Make Whisper Faster with TC2 Quantization

3 min readMay 19, 2025
https://tomatosauce.jp/whisper-comparison

A step-by-step guide to converting Whisper by OpenAI to the C language for faster performance and lower memory usage.

Whisper is a powerful speech recognition model developed by OpenAI, designed to transcribe human speech into text with high accuracy. However, its implementation in Python can be slow and memory-intensive, especially when processing large amounts of audio data.

For Khmer, a Cambodian language, we need a faster and more memory-efficient solution to enable real-time transcription on low-resource devices. One approach is to convert the Whisper model to the C language, known for its speed and efficiency.
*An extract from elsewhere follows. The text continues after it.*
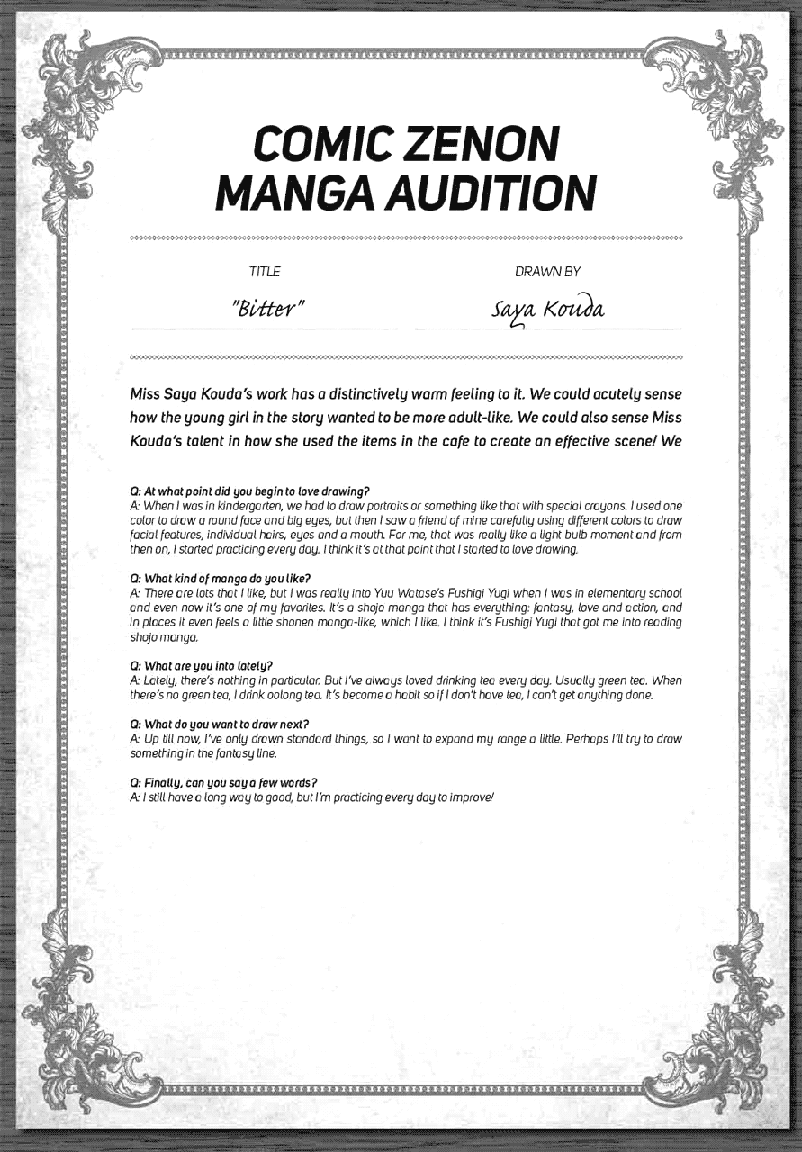| “Miss Saya Kouda's work has a distinctively warm feeling to it. We could acutely sense how the young girl in the story wanted to be more adult-like. We could also sense Miss Kouda's talent in how she used the items in the cafe to create an effective scene! We hope that she'll boldly challenge broader themes in the future!” | |

In this guide, we’ll walk through the process of converting the Whisper model to C and optimizing it for performance and memory usage.

What is fast-whisper ?

faster-whisper is a reimplementation of OpenAI’s Whisper model using CTranslate2, a fast inference engine for Transformer models. It is up to 4 times faster than openai/whisper while using less memory. Efficiency can be further improved with 8-bit quantization on both CPU and GPU.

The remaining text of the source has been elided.